> [Data excerpts]
##########

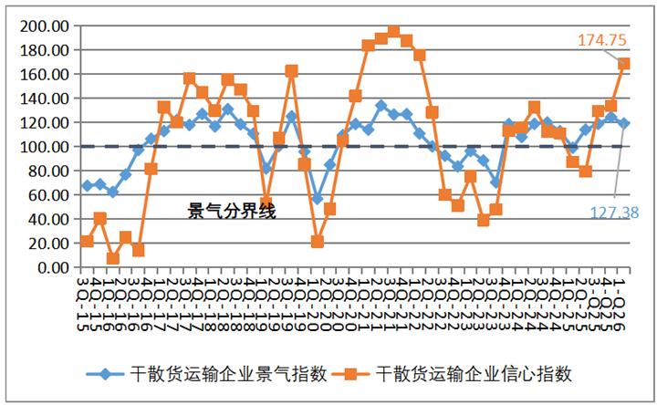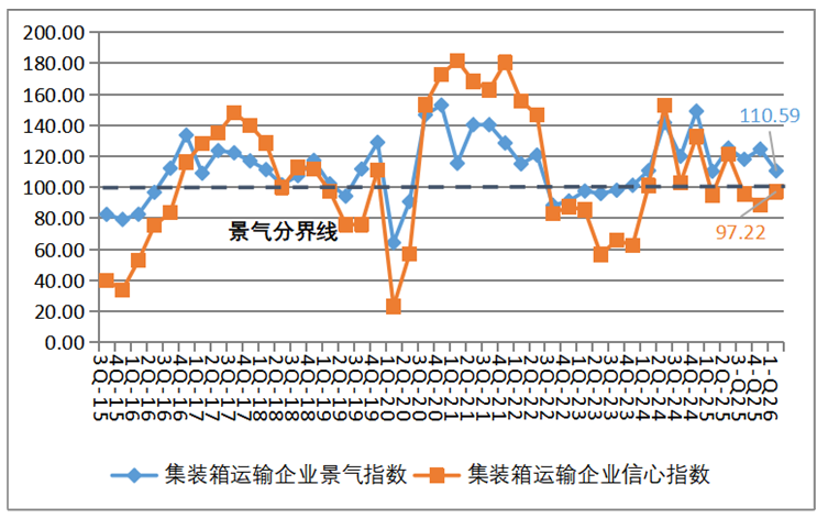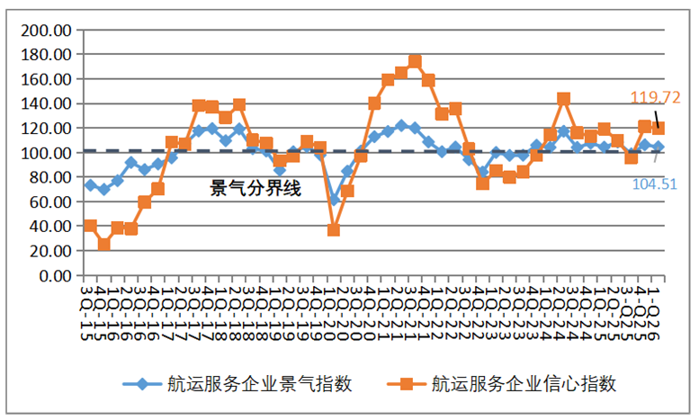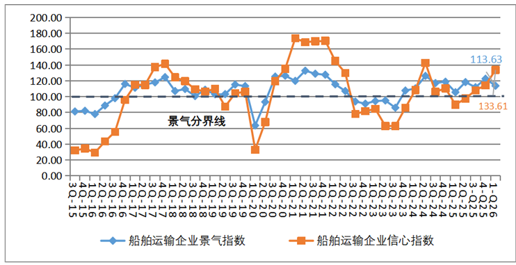 集装箱运输企业信心指数维持不景气区间。2026年第一季度,集装箱运输企业的景气指数为110.59点,较上季度下降了14.02点,降至相对景气区间;集装箱运输企业的信心指数为97.22点,较上季度上升8.65点,仍处于不景气区间。集装箱运输企业总体营运状况有所回落,企业家们对行业总体发展信心仍显不足,并且集装箱运输企业经营指标有所回落。从各项经营指标来看,集装箱运输企业运力投放继续增加,但舱位利用率下降,运费回落,企业营运成本上升,导致企业盈利情况大幅走弱。但企业流动资金仍较宽裕,融资难度依然降低,贷款负债有所减少,劳动力需求上升,使得企业家们对船舶运力投资仍保持一定意愿。总体上,虽部分经营效益指标有所走弱,但资金状况和融资条件仍较好,企业经营仍保持一定韧性。
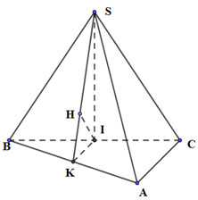 Gọi \(I\), K lần lượt là trung điểm của BC. Kẻ \(IH \bot SK\) tại H.
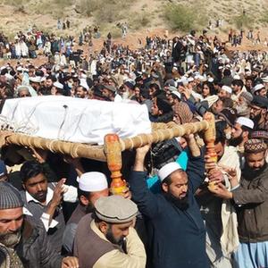 1月30日,在巴基斯坦西北部開(kāi)伯爾-普什圖省,人們參加遇難者的葬禮。
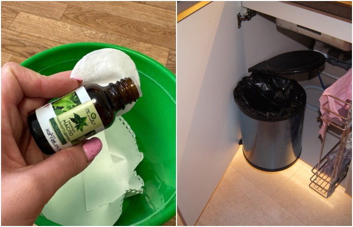 Положите в мусорное ведро ватные диски, смоченные эфирным маслом
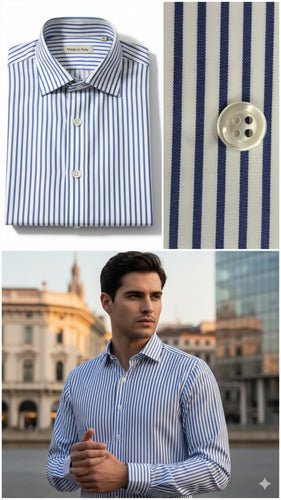 Camicia Uomo Fasciata blu rigato bianco su fondo blu twill titolo 120 alta qualità elegante puro cotone colletto mezzo francese oxford Made in Italy
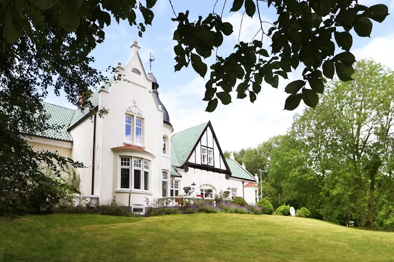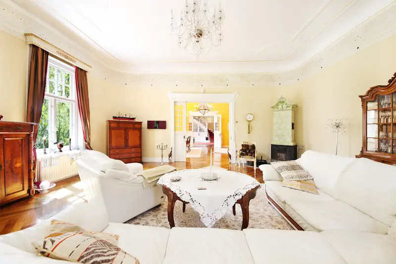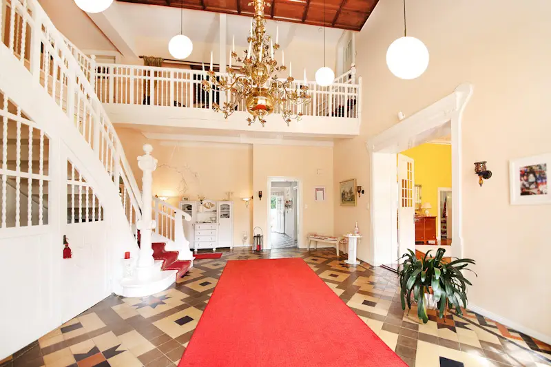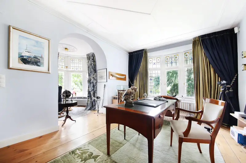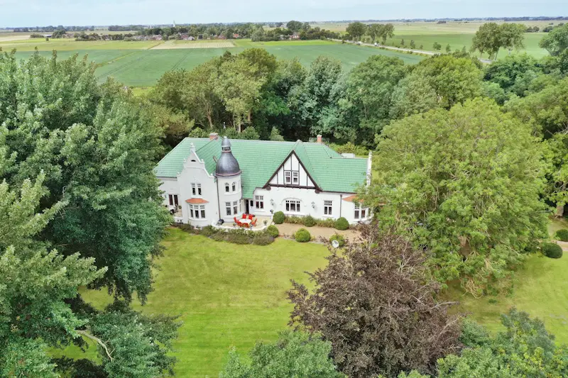 This magnificent, lovingly renovated and listed manor house, known locally as Axendorf Castle, stands elevated on a four meter high terp on a park-like property measuring over 14,000 m² not far from Tönning and the North Sea. The Kreutzgrat vaulted cellar, the oldest part of this ensemble, dates back to the 16th century. The names of the original owners from 1670 on the building also document the long history of the house. The property, which was originally used for agriculture and horse breeding, was rebuilt at the beginning of the 20th century and expanded with a tower between the two parts. The Art Nouveau elements that still adorn the house today also come from this time. This alarm-protected rarity can be reached via an avenue-like driveway with electric gates and high-quality paving, past the large garage building with three parking spaces (one for a mobile home, one with a pit) and an attached workshop. Once inside, every visitor can immediately see why Axendorf Castle is spoken of in the region. A spacious hall welcomes the guests and leads them via the spacious dining room through impressive sliding doors into the large salon with a unique and functional oven. The high ceilings, stucco and other style elements and, last but not least, the beautiful stained glass panes take you back in time, even though the house has been completely renovated. Particularly noteworthy is the room used as an office with a bay window and its own restorable bathroom on the ground floor of the tower and its beautiful view of the garden. The modern fitted kitchen and pantry, as well as a walk-through room with adjoining bathroom and bedroom, are waiting for new owners. From here you can also reach the separate apartment with shower room, fitted kitchen, bedroom and living room with direct access to your own spacious terrace. The upper floor with gallery is accessed from the hall via a magnificent staircase. From there you can reach the second tower room with a bay window and its own fireplace. The large studio room is impressive. There are also two connecting rooms with their own shower room available. The highlight is the master bedroom with a dream bathroom en suite made of marble. In addition to a dressing room, the latter offers a steam sauna, a walk-in shower, a double washbasin, a bathtub, as well as a toilet and bidet. The lovingly landscaped outdoor area impresses with its 300-year-old trees, fruit trees, roses and countless other plants. Various cozy places invite you to linger. In addition, there is not only a heated garden house, a greenhouse and a barbecue Kota available on your own pond, but also a 5x9 meter covered pool area heated by an air heat pump. The additional six hectares of grassland surrounding the park property are leased (rental income € 1,816 per annum), but can also be handed over lease-free if desired. This property with its history, its successful mix of old style elements and modern technology, offers a wide range of possible uses. From a spacious family home, to training, treatment or further education rooms, to use as a sophisticated bed and breakfast or as an event location for weddings and concerts, there are no limits to your imagination. A fiber optic connection will be installed by summer 2023 at the latest. Let us convince you of this unique property in a personal viewing.
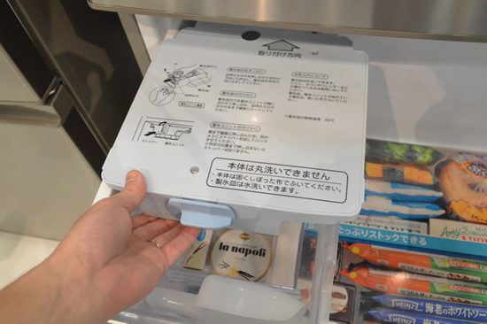 54Lを超えるビックフリーザーを採用するだけでなく、取り外し可能な自動製氷機も備える。

##########

> [Exercise] Exact copy, pictures excluded: restate every record above word for word.

> [Answer for the task]
 集装箱运输企业信心指数维持不景气区间。2026年第一季度,集装箱运输企业的景气指数为110.59点,较上季度下降了14.02点,降至相对景气区间;集装箱运输企业的信心指数为97.22点,较上季度上升8.65点,仍处于不景气区间。集装箱运输企业总体营运状况有所回落,企业家们对行业总体发展信心仍显不足,并且集装箱运输企业经营指标有所回落。从各项经营指标来看,集装箱运输企业运力投放继续增加,但舱位利用率下降,运费回落,企业营运成本上升,导致企业盈利情况大幅走弱。但企业流动资金仍较宽裕,融资难度依然降低,贷款负债有所减少,劳动力需求上升,使得企业家们对船舶运力投资仍保持一定意愿。总体上,虽部分经营效益指标有所走弱,但资金状况和融资条件仍较好,企业经营仍保持一定韧性。
 Gọi \(I\), K lần lượt là trung điểm của BC. Kẻ \(IH \bot SK\) tại H.
 1月30日,在巴基斯坦西北部開(kāi)伯爾-普什圖省,人們參加遇難者的葬禮。
 Положите в мусорное ведро ватные диски, смоченные эфирным маслом
 Camicia Uomo Fasciata blu rigato bianco su fondo blu twill titolo 120 alta qualità elegante puro cotone colletto mezzo francese oxford Made in Italy
 This magnificent, lovingly renovated and listed manor house, known locally as Axendorf Castle, stands elevated on a four meter high terp on a park-like property measuring over 14,000 m² not far from Tönning and the North Sea. The Kreutzgrat vaulted cellar, the oldest part of this ensemble, dates back to the 16th century. The names of the original owners from 1670 on the building also document the long history of the house. The property, which was originally used for agriculture and horse breeding, was rebuilt at the beginning of the 20th century and expanded with a tower between the two parts. The Art Nouveau elements that still adorn the house today also come from this time. This alarm-protected rarity can be reached via an avenue-like driveway with electric gates and high-quality paving, past the large garage building with three parking spaces (one for a mobile home, one with a pit) and an attached workshop. Once inside, every visitor can immediately see why Axendorf Castle is spoken of in the region. A spacious hall welcomes the guests and leads them via the spacious dining room through impressive sliding doors into the large salon with a unique and functional oven. The high ceilings, stucco and other style elements and, last but not least, the beautiful stained glass panes take you back in time, even though the house has been completely renovated. Particularly noteworthy is the room used as an office with a bay window and its own restorable bathroom on the ground floor of the tower and its beautiful view of the garden. The modern fitted kitchen and pantry, as well as a walk-through room with adjoining bathroom and bedroom, are waiting for new owners. From here you can also reach the separate apartment with shower room, fitted kitchen, bedroom and living room with direct access to your own spacious terrace. The upper floor with gallery is accessed from the hall via a magnificent staircase. From there you can reach the second tower room with a bay window and its own fireplace. The large studio room is impressive. There are also two connecting rooms with their own shower room available. The highlight is the master bedroom with a dream bathroom en suite made of marble. In addition to a dressing room, the latter offers a steam sauna, a walk-in shower, a double washbasin, a bathtub, as well as a toilet and bidet. The lovingly landscaped outdoor area impresses with its 300-year-old trees, fruit trees, roses and countless other plants. Various cozy places invite you to linger. In addition, there is not only a heated garden house, a greenhouse and a barbecue Kota available on your own pond, but also a 5x9 meter covered pool area heated by an air heat pump. The additional six hectares of grassland surrounding the park property are leased (rental income € 1,816 per annum), but can also be handed over lease-free if desired. This property with its history, its successful mix of old style elements and modern technology, offers a wide range of possible uses. From a spacious family home, to training, treatment or further education rooms, to use as a sophisticated bed and breakfast or as an event location for weddings and concerts, there are no limits to your imagination. A fiber optic connection will be installed by summer 2023 at the latest. Let us convince you of this unique property in a personal viewing.
 54Lを超えるビックフリーザーを採用するだけでなく、取り外し可能な自動製氷機も備える。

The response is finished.